# it is not a good place to live



## ronanpoirier

Well, I was thinking how I'd say such English construction like in this sentence:

This is not a good place _to live_.

I'd say something like:

Ez nem egy jó hely ___ élni. But I don't know what to place in that space.

But just saw this on Wikipedia:



			
				Wikipedia said:
			
		

> * Infinitive with personal suffixes*
> When an infinitive is used with an impersonal verb, the personal suffixes may be added to the infinitive to indicate the person, as in Portuguese. Except in the 3rd person singular and plural, the _-i_ of the infinitive is dropped, eg _Mennem kell._ ("I have to go."). The person can also be indicated using _-nak/-nek_, eg _Nekem kell mennem._ ("_I_ have to go.), _Jánosnak kell mennie._ ("János has to go.")
> These forms use the _o/e/ö_ set of suffixes (Type II, like possessive suffixes do)

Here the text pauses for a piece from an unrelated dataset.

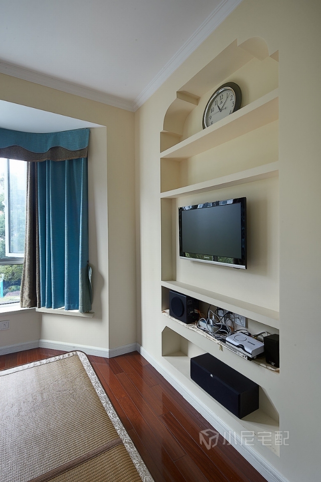 臥室簡約的電視背景墻,上面的架子還可以用來放書和小飾品奧。

So that sounds like a Personal Infinitive to me. (If that's true, Portuguese is not alone on that ;p)
But I'm still not sure. Since in my example, I mean it's not good to anyone to live in my imaginary place.

So I'm definely confused


----------



## Outsider

It doesn't look like the same to me. As far as I can tell (but I don't know any Hungarian), they are talking about compound verbs only. In compound verbs, you can add the personal endings to the infinitive (instead of the auxiliary verb?) However, the Portuguese personal infinitive can be, and normally is, used alone, not as part of a verb phrase.


----------



## berty bee

ronanpoirier said:


> Well, I was thinking how I'd say such English construction like in this sentence:
> 
> This is not a good place _to live_.
> 
> I'd say something like:
> 
> Ez nem egy jó hely ___ élni. But I don't know what to place in that space.
> [/size][/font][/font]



I would translate the phrase as: Itt nem jó élni. 
"This is not a good place" means really  "Ez nem egy jó hely", but we never translate it in this manner in this context.
In an other context (if you think about the conditions of the fife on the sun) one could translate it as: Ez a hely nem jó az élet számára. or Ez a hely nem alkalmas az élet számára.


----------